Poet’s Park

Why doesn't Seattle have a green space for writers?

Seattle readily names some of its streets for sports figures—Edgar Martinez and Dave Niehaus, to name two—but as Crosscut‘s Knute Berger has pointed out, “Seattle is a far cry from San Francisco, where streets and alleys are named for the likes of Jack Kerouac and Dashiell Hammett.”

The Emerald City merely recognizes its late resident playwright August Wilson with an honorary sign, while Hugo House is named for a poet (Richard Hugo) who never lived there. Another poet, Denise Levertov, is remembered by just a cemetery headstone. And the author of one of the most beloved books about Seattle, Skid Road, is honored by the Murray Morgan Bridge—in Tacoma.

“The real pilgrimage places are Bruce and Brandon Lee’s graves and Kurt Cobain’s Viretta Park bench,” notes Berger, an ex–Seattle Weekly editor. Where, he asks, is Theodore Roethke Historic Park, for example (as it stands, the Pulitzer-winning poet has only an alley in his name). At the least, “I’d love to see signs for streets and ways named for Emmett Watson, Octavia Butler, Mary McCarthy, Frank Herbert, Walt Crowley, Nard Jones, Betty MacDonald, Morgan, and Roethke.”

Raise a glass to that. Watson, as big a name as there ever was in Seattle journalism, was up for enshrinement as the namesake of a Queen Anne park a few years back, but didn’t make the cut. It appears his namesake Pike Market oyster bar will have to singly bear the honor, since writers and parks don’t seem to mix.

The city’s parks are titled mostly after place names (Madison, Ballard, Magnolia) and historic figures (Hutchison, Cal Anderson, Magnuson). Some are named for murder victims (civil rights leader Edwin Pratt and federal prosecutor Thomas C. Wales). Some enshrine musicians (Jimi Hendrix) and political figures (Terry Pettus) both celebrated and controversial. Although, oddly, the park websites for these last two don’t include the typical history box telling of their pasts—a musical genius who died in his own vomit and a communist jailed in the ’50s for conspiring to overthrow the government.

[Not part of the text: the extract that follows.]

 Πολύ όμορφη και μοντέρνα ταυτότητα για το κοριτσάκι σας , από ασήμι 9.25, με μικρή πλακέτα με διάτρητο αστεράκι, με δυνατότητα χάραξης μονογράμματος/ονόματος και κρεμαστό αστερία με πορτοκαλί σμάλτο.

Clearly, there is a dearth of hallowed public grounds for Seattle’s scribes. It could be that someone has just overlooked the writing set, or thinks an honorary park for typists is a waste of green space. Much historic dust has settled, and it’s likely that a person seated in, say, Ed Guthman Meadow would ask “Who?” But as a plaque could answer, he won The Seattle Times‘ first Pulitzer, edited the Los Angeles Times, wrote We Band of Brothers, was an aide to Bobby Kennedy, and made Nixon’s enemies list—his greatest triumph, he said.

On the upside, under park rules, all namesakes must be dead, and media-haters could think of these oases as pleasant gravesites of forsaken ideas. Perhaps the honoring could be done all at once: The Writer’s Park, a historic journalism junkyard where memorable Seattle—or Northwest—journalists, editors, and authors could be remembered without spoiling more than one neighborhood. (Just tryin’ to sell the thing here.)

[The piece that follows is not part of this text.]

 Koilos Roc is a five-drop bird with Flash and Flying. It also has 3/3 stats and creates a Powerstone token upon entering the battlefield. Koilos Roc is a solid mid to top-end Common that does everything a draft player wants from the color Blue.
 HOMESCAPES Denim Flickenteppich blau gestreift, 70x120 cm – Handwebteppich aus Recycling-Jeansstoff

If so, its center should consist of two large bronzes representing the writer’s world. One would be the old arc-shaped P-I copy desk where, as a neophyte headline writer, I was amazed to see sitting about me on a daily basis Dune author Frank Herbert to my right, Another Roadside Attraction author Tom Robbins to my left, prize-winning poet and National Book Award nominee David Wagoner across the way, and in the copy dealer’s slot, Darrell Bob Houston, King of the Midnight Blue author, Esquire writer, and extraordinary headline artist (including “Oh That KKKKKKKKKKKKKKKKKK-Koufax!” when the famous pitcher struck out—K’d—18 batters).

The other bronze would of course be the bar at the Blue Moon Tavern, where from time to time you could find sitting on its stools three Pulitzer-winning poets in a row—Roethke, Carolyn Kizer, and Stanley Kunitz, and a lesser poet, John Pym, remembered for taking a flying slide off a shuffleboard table and crashing through the front window.

Into this bar scene a sculptor could work all the other journalists and authors who drank there for inspiration. Yes, quite the large statue. But what is so bad about the city gathering its lamented writers into one bronze biergarten? Not, as Robbins might say, just another roadside attraction, but a still life, with pigeons.